The last two columns give us the values from statsmodels `pacf`

function and the beta weights from set of the multiple regression models we ran.

acf | fullregress | pacf | partialregress | |
---|---|---|---|---|

0 | 1.000000 | 1.000000 | 1.000000 | 1.000000 |

1 | 0.558303 | 0.560142 | 0.560142 | 0.560142 |

2 | 0.462154 | 0.465421 | 0.243824 | 0.243824 |

3 | 0.367907 | 0.371177 | 0.100474 | 0.100474 |

4 | 0.251550 | 0.254133 | -0.019043 | -0.019043 |

5 | 0.157250 | 0.159263 | -0.011044 | -0.011044 |

6 | 0.147585 | 0.149495 | 0.098490 | 0.098490 |

7 | 0.082802 | 0.083963 | -0.003919 | -0.003919 |

8 | 0.101360 | 0.102652 | 0.073544 | 0.073544 |

9 | 0.151172 | 0.153270 | 0.134398 | 0.134398 |

10 | 0.195190 | 0.198175 | 0.125446 | 0.125446 |

11 | 0.227415 | 0.231661 | 0.079914 | 0.079914 |

12 | 0.547641 | 0.568226 | 0.618342 | 0.618342 |

13 | 0.238420 | 0.248687 | -0.594229 | -0.594229 |

14 | 0.183618 | 0.192926 | -0.133914 | -0.133914 |

15 | 0.115117 | 0.122045 | -0.194105 | -0.194105 |

16 | 0.019305 | 0.021619 | -0.074346 | -0.074346 |

17 | -0.042552 | -0.043581 | -0.085653 | -0.085653 |

18 | -0.043382 | -0.044098 | -0.046873 | -0.046873 |

19 | -0.087285 | -0.090209 | 0.007411 | 0.007411 |

20 | -0.064923 | -0.066328 | 0.045361 | 0.045361 |

So, we can see that the partial autocorrelation function (pacf) returns the set of parameter estimates (betas) capturing the *unique* contribution of each lagged timeseries after *removing* the contributions from time series with lower order lag.
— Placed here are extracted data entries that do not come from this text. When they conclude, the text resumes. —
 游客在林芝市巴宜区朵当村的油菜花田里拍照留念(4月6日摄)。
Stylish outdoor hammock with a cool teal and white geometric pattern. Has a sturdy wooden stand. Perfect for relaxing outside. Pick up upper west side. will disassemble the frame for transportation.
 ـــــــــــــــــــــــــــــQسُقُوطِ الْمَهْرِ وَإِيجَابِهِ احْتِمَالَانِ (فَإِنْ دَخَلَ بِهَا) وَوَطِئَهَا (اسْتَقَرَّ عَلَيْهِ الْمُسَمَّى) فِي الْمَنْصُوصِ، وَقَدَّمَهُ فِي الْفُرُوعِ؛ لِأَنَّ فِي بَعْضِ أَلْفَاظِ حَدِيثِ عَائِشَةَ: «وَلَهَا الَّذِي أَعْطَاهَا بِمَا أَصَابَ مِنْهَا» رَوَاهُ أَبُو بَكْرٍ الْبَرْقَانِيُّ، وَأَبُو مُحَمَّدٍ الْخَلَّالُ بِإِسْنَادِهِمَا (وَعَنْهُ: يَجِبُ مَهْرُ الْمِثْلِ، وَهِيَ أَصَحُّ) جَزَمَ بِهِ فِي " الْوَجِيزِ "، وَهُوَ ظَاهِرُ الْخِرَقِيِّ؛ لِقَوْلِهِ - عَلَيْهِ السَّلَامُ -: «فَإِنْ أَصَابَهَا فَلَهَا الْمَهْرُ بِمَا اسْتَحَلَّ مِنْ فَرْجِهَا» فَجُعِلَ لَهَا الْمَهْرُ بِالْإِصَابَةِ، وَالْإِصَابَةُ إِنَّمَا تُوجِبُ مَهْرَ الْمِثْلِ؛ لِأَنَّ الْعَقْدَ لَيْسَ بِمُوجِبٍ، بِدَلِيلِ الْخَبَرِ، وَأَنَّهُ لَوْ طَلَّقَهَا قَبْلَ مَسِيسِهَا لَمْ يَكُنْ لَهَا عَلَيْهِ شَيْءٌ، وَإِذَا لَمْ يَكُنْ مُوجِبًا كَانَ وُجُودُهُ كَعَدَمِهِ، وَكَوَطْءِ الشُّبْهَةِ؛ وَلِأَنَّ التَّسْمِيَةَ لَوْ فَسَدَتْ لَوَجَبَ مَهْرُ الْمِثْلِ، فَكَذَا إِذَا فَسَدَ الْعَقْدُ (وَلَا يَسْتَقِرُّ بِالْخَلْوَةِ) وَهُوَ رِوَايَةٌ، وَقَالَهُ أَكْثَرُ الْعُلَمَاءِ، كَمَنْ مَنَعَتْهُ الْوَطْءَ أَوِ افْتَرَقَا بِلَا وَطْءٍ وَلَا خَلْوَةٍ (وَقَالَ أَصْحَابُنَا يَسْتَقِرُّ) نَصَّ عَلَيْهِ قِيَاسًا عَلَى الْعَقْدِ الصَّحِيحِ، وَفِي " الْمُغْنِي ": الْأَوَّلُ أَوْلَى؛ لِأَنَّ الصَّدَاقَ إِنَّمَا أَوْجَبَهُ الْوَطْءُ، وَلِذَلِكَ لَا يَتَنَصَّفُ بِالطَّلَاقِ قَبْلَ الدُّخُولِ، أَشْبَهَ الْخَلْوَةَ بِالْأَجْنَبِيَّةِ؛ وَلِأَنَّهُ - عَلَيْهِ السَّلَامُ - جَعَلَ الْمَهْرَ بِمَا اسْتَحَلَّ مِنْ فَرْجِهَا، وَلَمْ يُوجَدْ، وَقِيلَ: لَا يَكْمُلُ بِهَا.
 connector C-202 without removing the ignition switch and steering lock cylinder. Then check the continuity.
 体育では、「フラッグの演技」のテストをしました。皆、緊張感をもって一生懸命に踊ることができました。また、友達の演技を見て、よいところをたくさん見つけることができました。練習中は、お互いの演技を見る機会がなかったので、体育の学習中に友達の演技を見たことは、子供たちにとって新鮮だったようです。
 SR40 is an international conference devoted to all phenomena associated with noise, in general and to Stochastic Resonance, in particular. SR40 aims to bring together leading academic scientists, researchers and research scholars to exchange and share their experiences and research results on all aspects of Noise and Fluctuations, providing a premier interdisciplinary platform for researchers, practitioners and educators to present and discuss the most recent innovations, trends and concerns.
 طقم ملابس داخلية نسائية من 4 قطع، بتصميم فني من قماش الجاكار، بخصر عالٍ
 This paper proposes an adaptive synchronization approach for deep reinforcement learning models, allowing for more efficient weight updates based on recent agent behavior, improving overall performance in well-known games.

## Bringing it back together

So, in the end, *autocorrelation* and *partial autocorrelation* are essentially the same as your old friends *correlation* and *partial correlation*. The main difference is that autocorrelation describes a correlation of the original time series with a version of itself from the past.

By creating shifted versions of the time series and using them to predict the original version in a regression framework, we saw that the autocorrelation function (ACF) was basically the same as the beta weights from a set of simple regression models, and the partial autocorrelation function (PACF) was the same as beta weights from a set of multiple regression models.

The real power in the concepts of ACF and PACF comes from the possibility that the relationships with past values of the time series might predict its future values.

To unleash that power, take these concepts and start working with SARIMAX models!